Michael Radford, who has directed high-profile films such as "Il Postino" - directed the documentary, which came out in 2011 and premiered at Cannes. Radford admits that he was hardly familiar with Petrucciani's work and hadn't directed a documentary for around 25 years. But for him every film is a journey that culminates in a sense of wonder.

Petrucciani, right. He used his unusual appearance to his advantage.

Petrucciani, who wanted to live life to the fullest, suffered from osteogenesis imperfecta, also known as brittle bone disease, which confined him to a wheelchair or crutches. He was born in Orange in southern France to a French-Italian family. The doctors didn't believe he would live beyond 20.

He had other plans. Jazz and other music genres conquered his heart when he was very young. In the film, he describes how he saw Duke Ellington perform and was awestruck.

"It was kind of - wow! I wanted a piano to play like he did," he says, wearing dark glasses and the impish smile of someone who knows he'll get everything he asks for thanks to his enormous willpower.

Since he never attended school, he stayed at home and practiced the piano, to which he devoted 10 hours a day. The keys, in return, gave him their love.

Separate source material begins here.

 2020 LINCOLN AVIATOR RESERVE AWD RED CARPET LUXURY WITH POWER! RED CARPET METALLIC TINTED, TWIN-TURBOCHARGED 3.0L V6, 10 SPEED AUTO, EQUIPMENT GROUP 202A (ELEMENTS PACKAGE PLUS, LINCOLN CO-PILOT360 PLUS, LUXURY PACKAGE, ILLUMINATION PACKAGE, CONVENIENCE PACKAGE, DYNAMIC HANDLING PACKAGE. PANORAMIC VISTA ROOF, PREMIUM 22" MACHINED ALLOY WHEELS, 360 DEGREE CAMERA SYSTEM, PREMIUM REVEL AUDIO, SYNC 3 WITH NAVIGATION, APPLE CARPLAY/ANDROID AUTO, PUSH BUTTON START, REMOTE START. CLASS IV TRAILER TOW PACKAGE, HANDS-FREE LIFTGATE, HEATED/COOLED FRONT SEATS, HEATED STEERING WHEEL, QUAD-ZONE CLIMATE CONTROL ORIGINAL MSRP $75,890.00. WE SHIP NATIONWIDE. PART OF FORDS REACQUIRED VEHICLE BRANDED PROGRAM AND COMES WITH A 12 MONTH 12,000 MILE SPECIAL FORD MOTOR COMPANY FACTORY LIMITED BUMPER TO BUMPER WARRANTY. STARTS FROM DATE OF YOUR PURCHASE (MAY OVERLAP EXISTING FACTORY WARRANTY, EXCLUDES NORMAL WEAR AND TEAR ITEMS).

He began performing in his youth and recorded albums in France, but his big dream was to cross the ocean. Like so many other things for him, America didn't seem too far away. There he met jazz saxophonist Charles Lloyd in an encounter that, according to him, changed his life.

As a performer, he used his unusual appearance to his advantage. Wearing a black fedora, he was aware of the magic and charm that flowed from him when he played. Now it was the audience's turn to gape.

Petrucciani, who performed at the Red Sea Jazz Festival in Eilat in 1989 and 1998, was not only a lover of life. He was also attracted to drugs and became as addicted to them as to the music. But the music didn't stop. He was signed by prestigious Blue Note Records and recorded albums alongside Roy Haynes, Wayne Shorter and many others.

He was faithful to them, but much less so to his women, it appears, maybe because he felt that his time was short. He was married several times, once for only three months. His heart was broken after he had a son with the same genetic disease.

In 1999, a few days after his 36th birthday, he was taken to a Manhattan hospital after his condition had deteriorated. He died and was buried in Paris' Pere Lachaise Cemetery, next to Chopin. The documentary, a French-Italian-German co-production, testifies that his musical spirit remains a legacy.